= Mark Gerard =

Mark Gerard (6 October 1934 – 21 June 2011) was an American equine veterinarian. He was born in Brooklyn, New York, and graduated from Cornell University.

As a student, he worked as an exercise rider for, among others, Hall of Fame trainer James E. Fitzsimmons.

Gerard started practice as a veterinarian for racehorses, some highly successful ones, such as Canonero II, who won the Kentucky Derby; he also cared for Triple Crown winner Secretariat. In 1977, he masterminded a highly publicized scandal involving horse switching. He had imported two horses from Uruguay, a champion named Cinzano, and the much cheaper Lebon. After Lebon had under-performed in his earlier races, Gerard ran Cinzano under Lebon's name. Entered as "Lebon", Cinzano subsequently won as a 57-1 outsider, at New York's Belmont Park, and Gerard collected a $77,920 winning on a bet.
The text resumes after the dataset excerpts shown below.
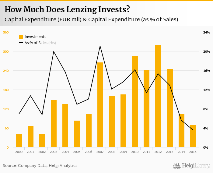 Lenzing invested a total of EUR 70.9 mil in 2015, down 32% compared to the previous year. Historically, between 2000 - 2015, the company's investments stood at a high of EUR 320 mil in 2012 and a low of EUR 41.4 mil in 2000.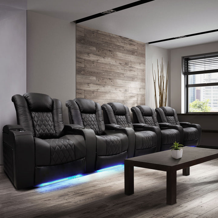 Valencia Tuscany Row of 5 Black Leather Power Reclining Home Theatre Seating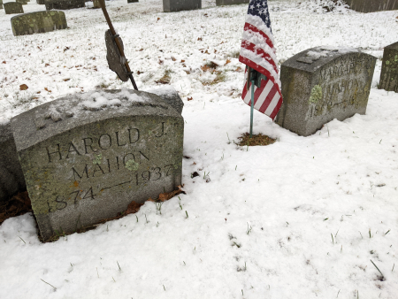 Here, at the Craig-Mahon family plot, he lies in repose with Mrs. Mahon.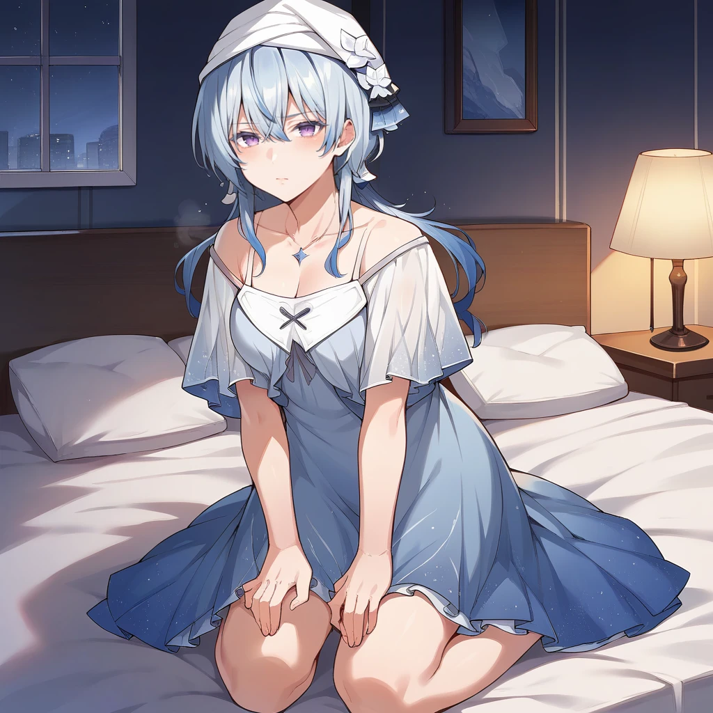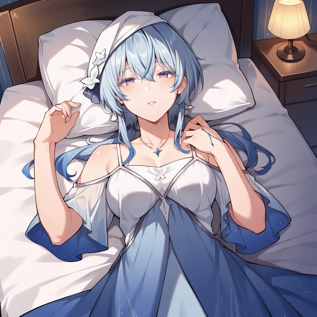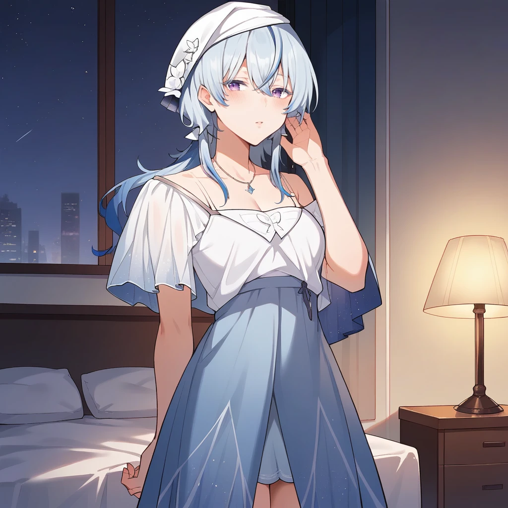 Sk_Paj, low ponytail, white headwear, necklace, white camisole under dress, blue dress, short dress, wrist scrunchie, medium sleeves, blue sleeves, wide sleeves, layered skirt,The results of your generations are dependent on the additional LoRAs, weights, and models you use, so it may not work or come out as consistent as my sample images.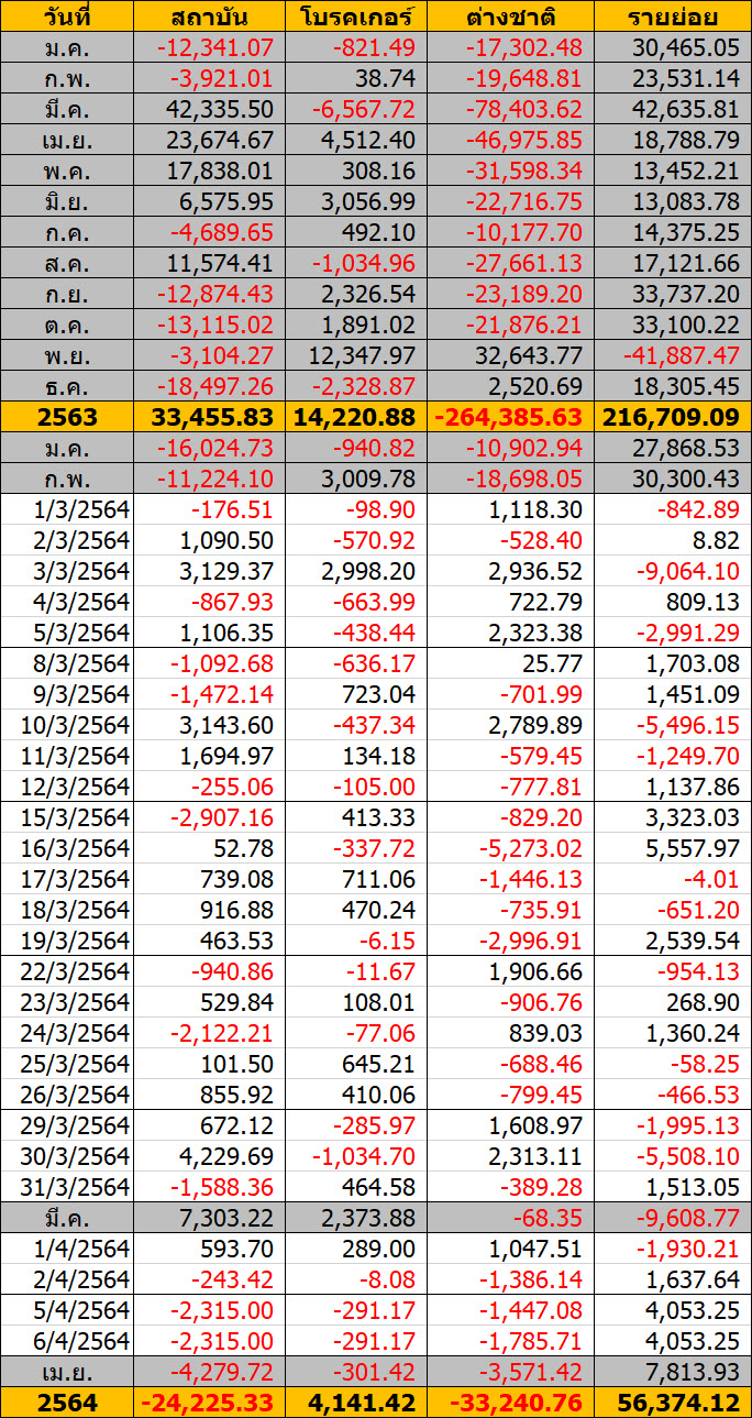 Sinthorn Summary 6/4/2564 : ต่างชาติขายสุทธิ -1,785.71 ลบ.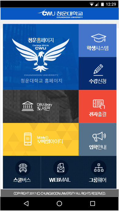 청운 대학교 공식 안드로이드 어플리케이션 입니다.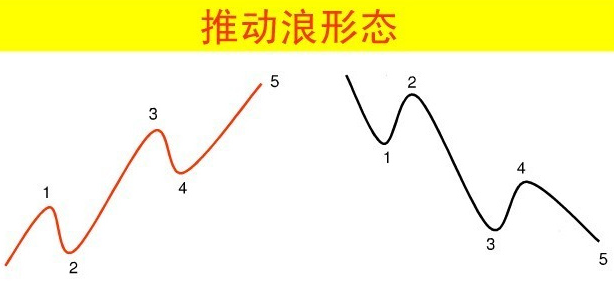 推动浪有五浪构成。第一浪通产只是由一小部分交易者参与的微弱的波动。一旦浪1结束,交易者们将在浪2卖出。浪2的卖出是十分凶恶,最后浪2在不创新低的情况下,市场开始转向启动下一浪波动。浪3波动的初始阶段是缓慢的,并且它将到达前一次波动的顶部(浪1的顶部)

Later, a Uruguayan journalist recognized the horse as Cinzano from a newspaper photo, and an investigation was started. The story was broken in the States on October 21, 1977, by News Worlds racing editor, Daniel Keating in New York. When John Piesen of the New York Post told Keating that he had broken a story on October 23, Keating told him he broke it two days ago. Keating also asked Rupert Murdoch to cease claiming the Post had broken the story. Nothing happened. In September 1978, Gerard, represented by attorney F. Lee Bailey, testified that Lebon had "died in an accident at Gerard's New York farm the day he and Cinzano arrived from Uruguay", and his wife testified that she had switched horses without his knowledge. Gerard was convicted of fraud, then fined $1,000 and sentenced to one year in prison, which was shortened on appeal by four months, but was not required to forfeit any more of his winnings.